======== DATA LISTING
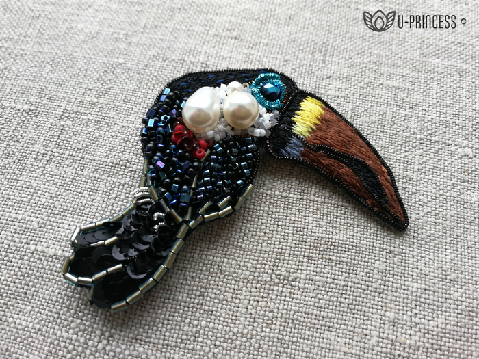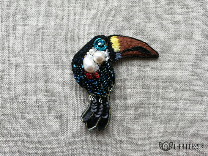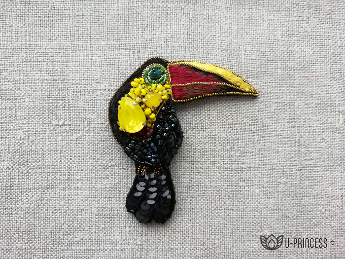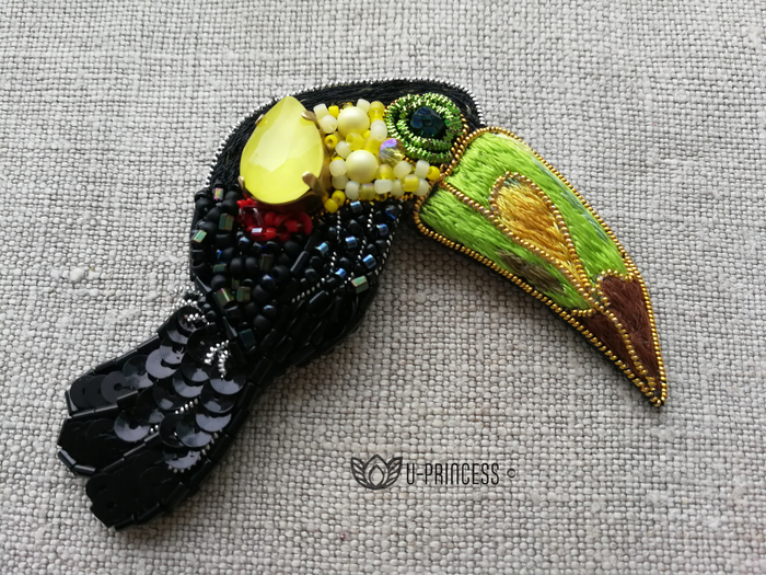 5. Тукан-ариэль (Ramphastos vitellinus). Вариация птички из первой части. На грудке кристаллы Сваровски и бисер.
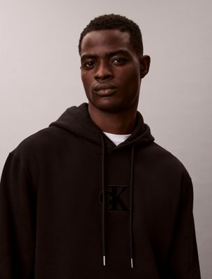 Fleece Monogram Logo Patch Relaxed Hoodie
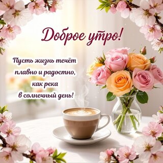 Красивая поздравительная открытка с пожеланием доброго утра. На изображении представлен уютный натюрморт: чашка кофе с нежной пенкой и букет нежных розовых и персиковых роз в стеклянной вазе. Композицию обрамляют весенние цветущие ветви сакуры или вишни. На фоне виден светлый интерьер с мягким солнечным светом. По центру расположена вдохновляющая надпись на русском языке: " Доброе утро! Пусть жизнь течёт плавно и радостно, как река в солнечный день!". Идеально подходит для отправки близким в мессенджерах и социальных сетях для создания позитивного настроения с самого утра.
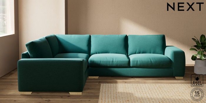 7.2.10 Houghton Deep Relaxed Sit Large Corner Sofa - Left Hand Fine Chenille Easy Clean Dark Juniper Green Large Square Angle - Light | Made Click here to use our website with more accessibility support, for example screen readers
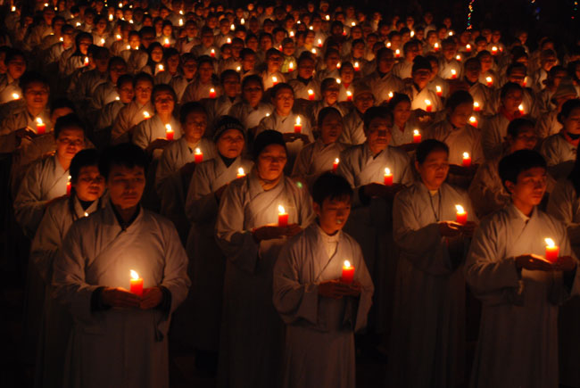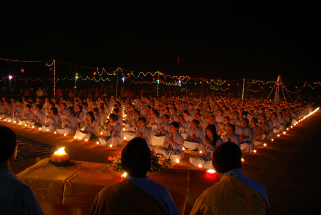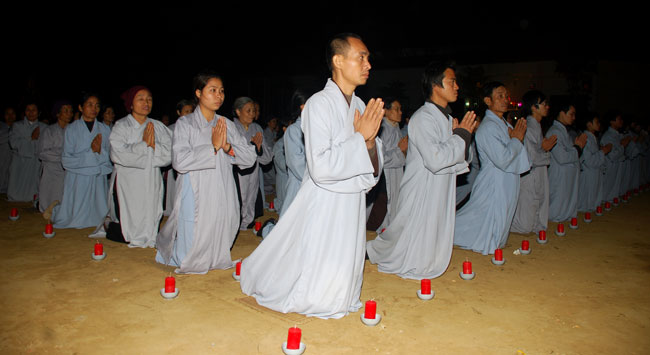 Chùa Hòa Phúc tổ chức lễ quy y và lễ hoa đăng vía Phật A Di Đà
================
EXERCISE PROMPT
Copy out the lines above from the line containing "Fleece Monogram Logo Patch Relaxed Hoodie" through the line containing "Красивая поздравительная открытка", exactly, and keep the pictures out.

ANSWER SPACE
 Fleece Monogram Logo Patch Relaxed Hoodie
 Красивая поздравительная открытка с пожеланием доброго утра. На изображении представлен уютный натюрморт: чашка кофе с нежной пенкой и букет нежных розовых и персиковых роз в стеклянной вазе. Композицию обрамляют весенние цветущие ветви сакуры или вишни. На фоне виден светлый интерьер с мягким солнечным светом. По центру расположена вдохновляющая надпись на русском языке: " Доброе утро! Пусть жизнь течёт плавно и радостно, как река в солнечный день!". Идеально подходит для отправки близким в мессенджерах и социальных сетях для создания позитивного настроения с самого утра.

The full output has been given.